Discursos que producen realidad
ASDRA advierte que en los últimos tiempos se registró un aumento de expresiones discriminatorias en redes sociales, medios y espacios cotidianos, muchas veces legitimadas por discursos políticos.
El riesgo es profundo: presentar a las personas con síndrome de Down como incapaces, eternamente infantiles o ajenas a la autonomía niega sus derechos más básicos.
Sin embargo, la realidad demuestra lo contrario. Son estudiantes, trabajadores, artistas, deportistas, ciudadanos con proyectos y deseos.
Reducirlos a un estereotipo no solo es injusto: es negar su humanidad.
La legislación argentina es clara. La Convención sobre los Derechos de las Personas con Discapacidad —con jerarquía constitucional— obliga a combatir prejuicios y estereotipos.
La Ley Antidiscriminatoria garantiza el derecho a un trato digno.
Cuando un funcionario utiliza la discapacidad como insulto, no solo hiere: también desconoce el marco ético y jurídico que debería representar.
La responsabilidad de quienes tienen voz pública
Frente a estos hechos, ASDRA propone un camino que no pasa por la cancelación sino por la responsabilidad: disculpas públicas, capacitación y, sobre todo, contacto real con las personas con síndrome de Down.
Conocer transforma. Humaniza lo que el prejuicio desfigura. La advertencia es contundente: quienes hoy reproducen discursos discriminatorios pueden mañana convivir con una persona con discapacidad en su trabajo, en una escuela o en su propia familia.
Las palabras, tarde o temprano, vuelven convertidas en realidad.
Recuperar la humanidad del lenguaje
La pregunta de fondo no es qué dijo un dirigente, sino qué tipo de sociedad estamos dispuestos a tolerar.
Una sociedad donde la discapacidad sea insulto es, inevitablemente, una sociedad más cruel.

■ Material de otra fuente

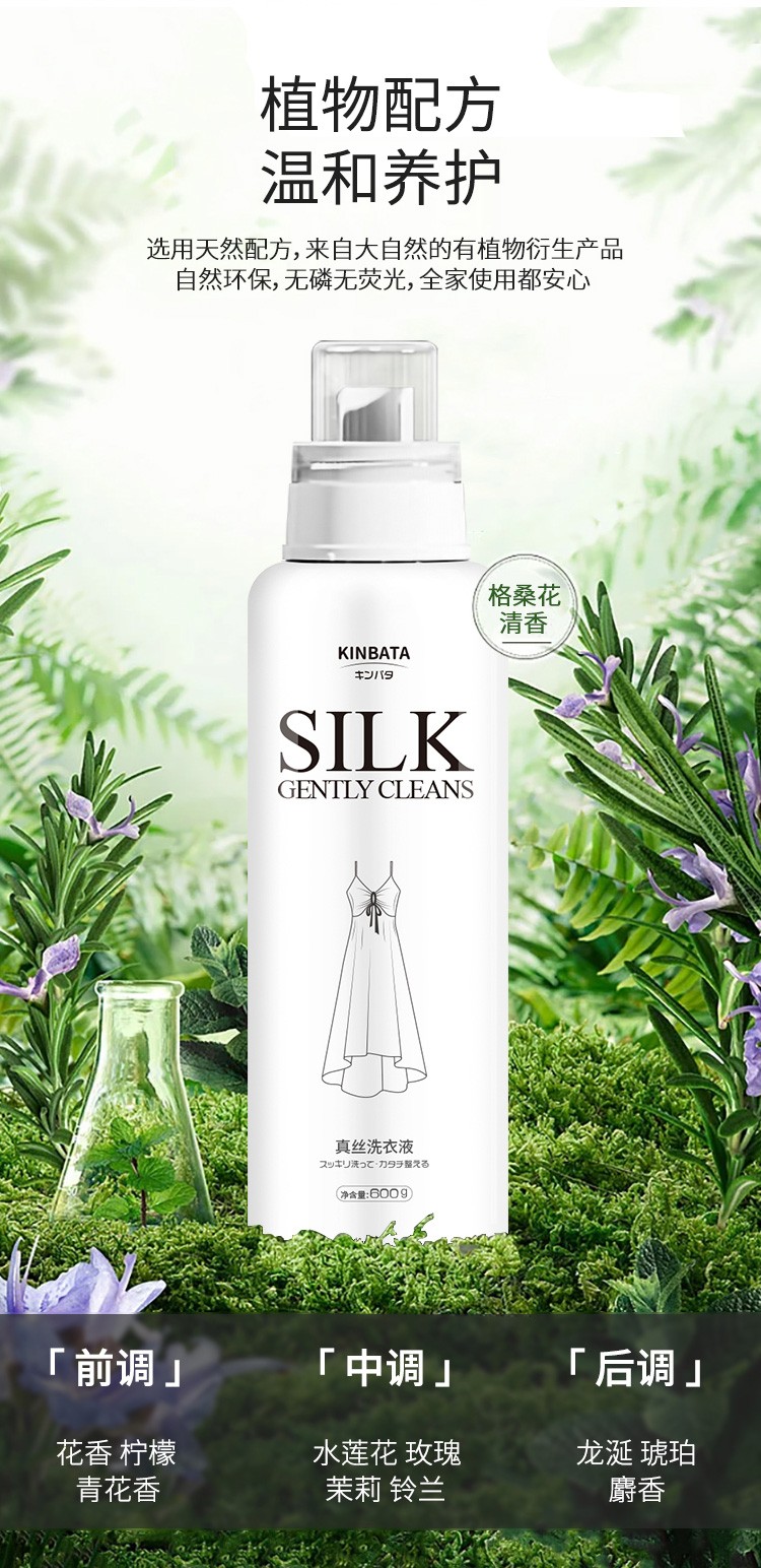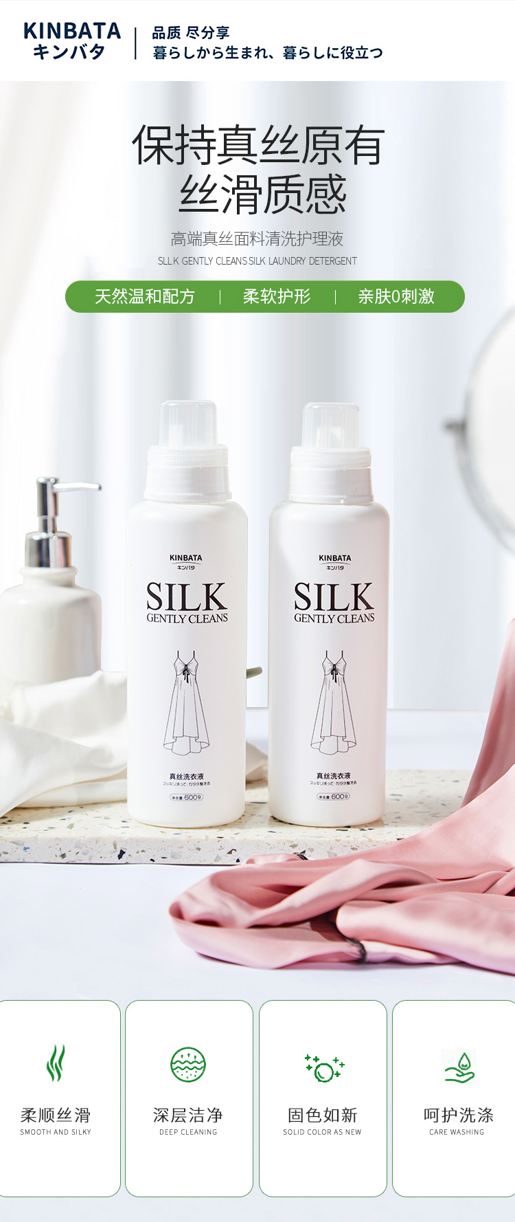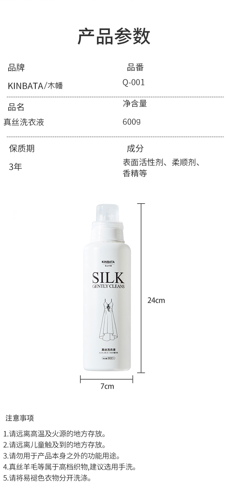 商品名称:(超运·禾贸)KINBATA木幡 真丝洗衣液600ml 桑蚕丝专用洗衣液丝绸手洗丝毛净清洗剂

Pero también más pobre, más ignorante y más injusta.
Tal vez el desafío sea más simple —y más difícil— de lo que parece: volver a nombrar al otro con respeto.
Porque en el modo en que una comunidad habla de los más vulnerables se revela, en última instancia, qué tan humana es. Y en ese espejo, hoy, la política argentina tiene mucho que revisar.